Human Betterment Foundation (1928-1942)

By: Jill Briggs

Human Betterment Foundation

In 1928 Ezra Seymour Gosney founded the non-profit Human Betterment Foundation (HBF) in Pasadena, California to support the research and publication of the personal and social effects of eugenic sterilizations carried out in California. Led by director Gosney and secretary Paul Popenoe, the HBF collected data on thousands of individuals in California who had been involuntarily sterilized under a California state law enacted in 1909. The Foundation's assets were liquidated following Gosney's death in 1942. In 1943, Gosney's daughter donated the remaining assets to the California Institute of Technology (Caltech) in Pasadena, California to establish the Gosney research fund for biological research. Between 1928 and 1942, the HBF published extensively on what they believed to be the benefits of sterilization to both patient and society. The HBF and its members existed within the larger context of the American eugenics movement and scientific institutions, including the Eugenics Record Office at Cold Spring Harbor Laboratory in Cold Spring Harbor, New York, which bolstered the movement's goals of the control of human reproduction and human heredity. Moreover, the model sterilization legislation written by the HBF was disseminated throughout the world to eugenics enthusiasts eager to pass laws limiting the reproduction of people they considered to be unfit.

The impetus for the creation of the HBF came from Gosney, a citrus magnate who had become interested in the benefits of selective breeding through his work in the Arizona Wool Growers Association, then in Flagstaff, Arizona, and in the development of lemon and orange groves around Los Angeles, California. During the mid-1920s, after reading the 1922 Eugenical Sterilization in the United States, written by Harry Laughlin from the Eugenics Record Office at Cold Spring Harbor, Gosney met with Laughlin to get advice on forming an organization in California to promote eugenic sterilization. Laughlin advised Gosney to recruit a scientist to help stay abreast of recent developments in human genetics. In 1925, Gosney invited biologist Paul Popenoe to contribute his ideas to the organization. Popenoe, a former student of David Starr Jordan, who worked at Stanford University in Stanford, California, managed the Journal of Heredity and served as a health officer at the US-Mexican border during World War I. In addition, Popenoe shared Gosney's view that charity was counterproductive, as it allowed those perceived as less fit to reproduce and pass on their poor traits. Popenoe suggested that the HBF publish reports on the data collected from the four to five thousand people who had already been sterilized in state institutions under a 1909 California state law.

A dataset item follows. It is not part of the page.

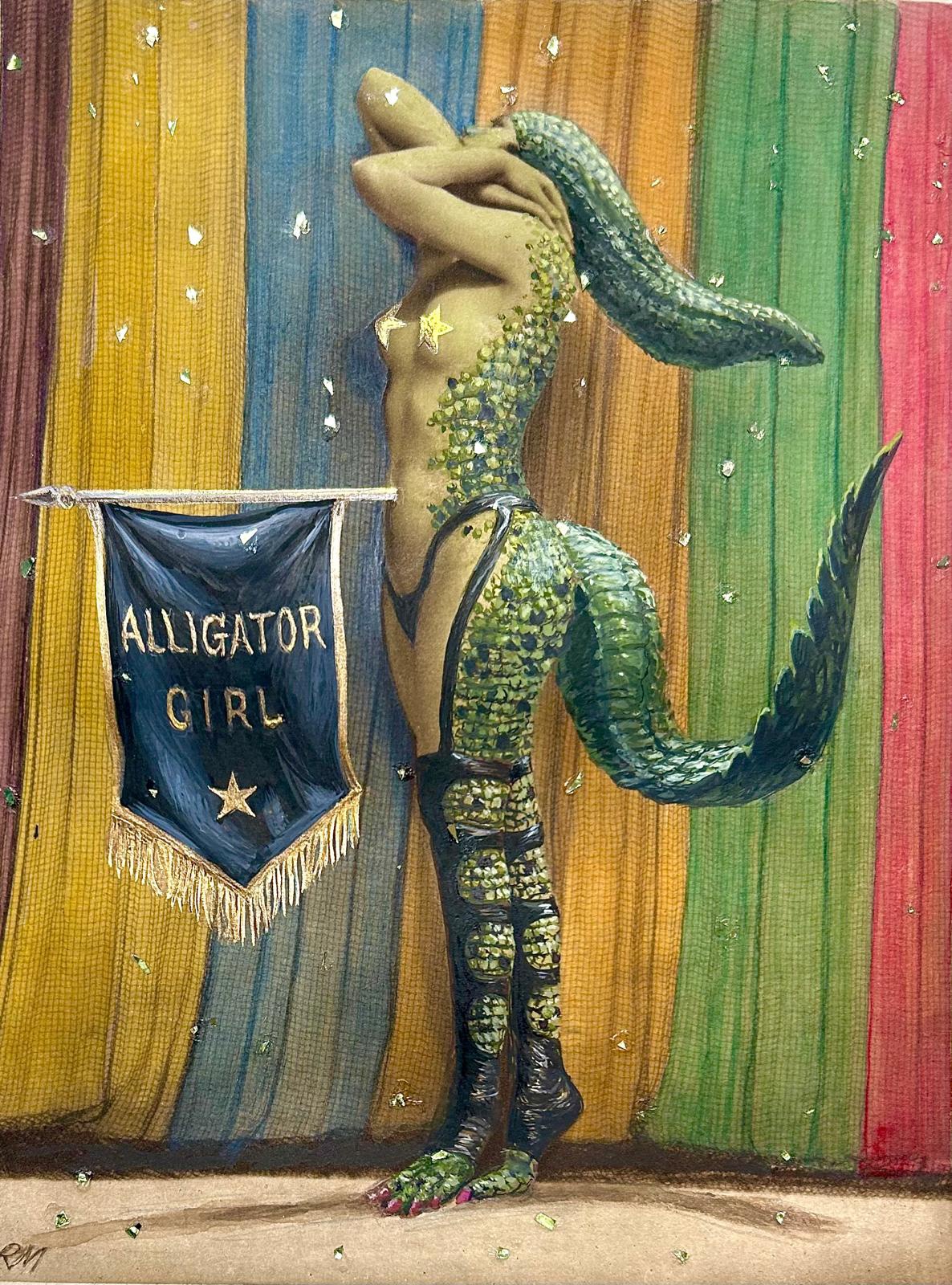 FOUNTAINS & ALLIGATORS is a bit of a departure from the collage work I’ve created in that the theme is extended over several dozen plates. Usually I work only on individual themes. Before these collages, I worked 17 years depicting hair from every possible perspective. The work may change but the rigor/obsessiveness does not. Drawing is the passion behind it all. I am most interested in “what” and “how” .
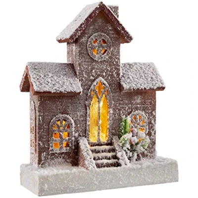 WeRChristmas Light Up Wooden Christmas Church Decoration, Multi Colour, 30cm

The HBF was incorporated in 1928 with a founding membership that included Californians from a wide range of professions. Stanford University president and ichthyologist David Starr Jordan and Sacramento philanthropist Charles Goethe were members of the first Board of Directors. Later members of the Board included Robert Millikan, a Nobel Prize winner and Chair of the Executive Board of nearby Caltech, and Lewis Terman, a psychologist from Stanford University's School of Education who developed intelligence tests. These leaders helped to initiate the California branch of the American Eugenics Society and the American Institute of Family Relations, with the direction of Popenoe. The HBF also produced numerous public lectures and articles written in daily newspapers, helping to disseminate their message of better breeding and controlled reproduction.

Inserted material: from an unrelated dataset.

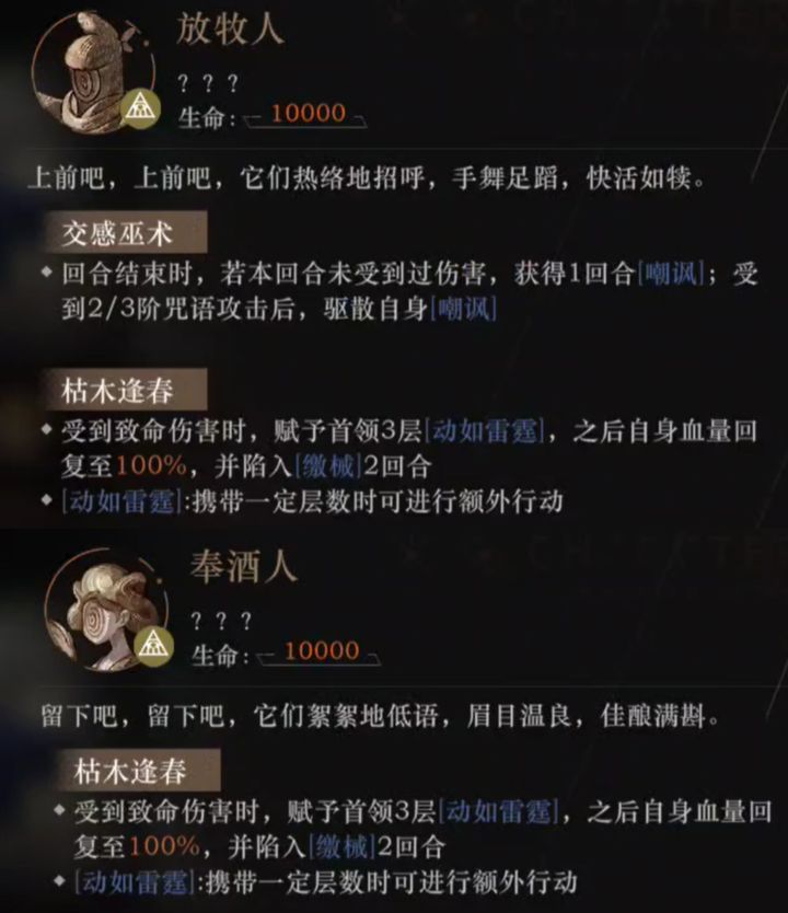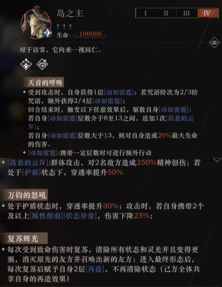 💫场地BUFF:[敌方]处于|岛主之盾]状态时,受创减兔+20%;[岛主之盾]被击破时,受创减免-60%,持续1回合[我方]自然灵感(即星木兽岩)角色攻击提升20%,现实防御与精神防御提升20%,最大生命提升20%[我方]精神创伤角色伤害提升15%;使用2/3阶咒语后,获得1层[激昂]💫敌方机制:详情见图片,这里只列出较为重要的机制。BOSS: 若自身|动如雷霆|层数介于8至13之间,

The research on human heredity at the Eugenics Record Office (ERO) at Cold Spring Harbor, with the leadership of Charles Davenport, supported the HBF's advocacy of eugenic sterilization. Beginning in 1910, summer researchers from the ERO had travelled across the US to collect data on family lineages by conducting house-to-house surveys and looking through records from prisons, almshouses, and institutions for the deaf, blind and mentally deficient or ill. Researchers who studied human behavior and intelligence at that time used categories that later became widely discredited, commonly referring to various groups as imbeciles, feeble-minded and mentally deficient. They argued that intelligence tests, including the Binet IQ test, were accurate measures of both intelligence and character, and that these traits had a genetic, and not an environmental origin. Davenport and ERO director Laughlin further argued for the heritability of traits like criminality, promiscuity, and mental deficiency. During the 1920s, their arguments, and Laughlin's own public advocacy of eugenic sterilization and immigration quotas, supported the claims of the HBF that involuntary sterilization was both scientifically sound and humane.

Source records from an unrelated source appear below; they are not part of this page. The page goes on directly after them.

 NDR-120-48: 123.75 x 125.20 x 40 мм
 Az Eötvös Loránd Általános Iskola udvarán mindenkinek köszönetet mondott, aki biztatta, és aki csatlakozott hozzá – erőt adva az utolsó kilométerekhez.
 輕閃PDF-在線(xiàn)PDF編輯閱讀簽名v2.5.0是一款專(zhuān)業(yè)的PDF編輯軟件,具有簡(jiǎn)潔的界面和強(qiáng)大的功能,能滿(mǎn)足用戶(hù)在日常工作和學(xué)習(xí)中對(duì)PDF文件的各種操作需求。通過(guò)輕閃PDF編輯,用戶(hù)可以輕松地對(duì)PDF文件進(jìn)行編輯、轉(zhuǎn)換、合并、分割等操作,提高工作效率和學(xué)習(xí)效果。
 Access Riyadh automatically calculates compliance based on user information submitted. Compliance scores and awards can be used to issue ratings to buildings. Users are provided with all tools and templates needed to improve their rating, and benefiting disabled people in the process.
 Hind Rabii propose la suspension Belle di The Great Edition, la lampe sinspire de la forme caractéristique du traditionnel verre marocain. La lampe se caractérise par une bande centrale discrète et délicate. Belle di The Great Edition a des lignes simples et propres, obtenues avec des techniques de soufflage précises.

Prior to the official organization of the HBF, Popenoe, with the financial support of Gosney, had traveled throughout California visiting the state's institutions for what he considered to be the mentally ill and defective. During his trip, he collected case histories, and statistical and demographic information about the patients. He reported that as many as twenty-five percent of the female inmates at Sonoma State Hospital had been sterilized as a condition of their release back into society.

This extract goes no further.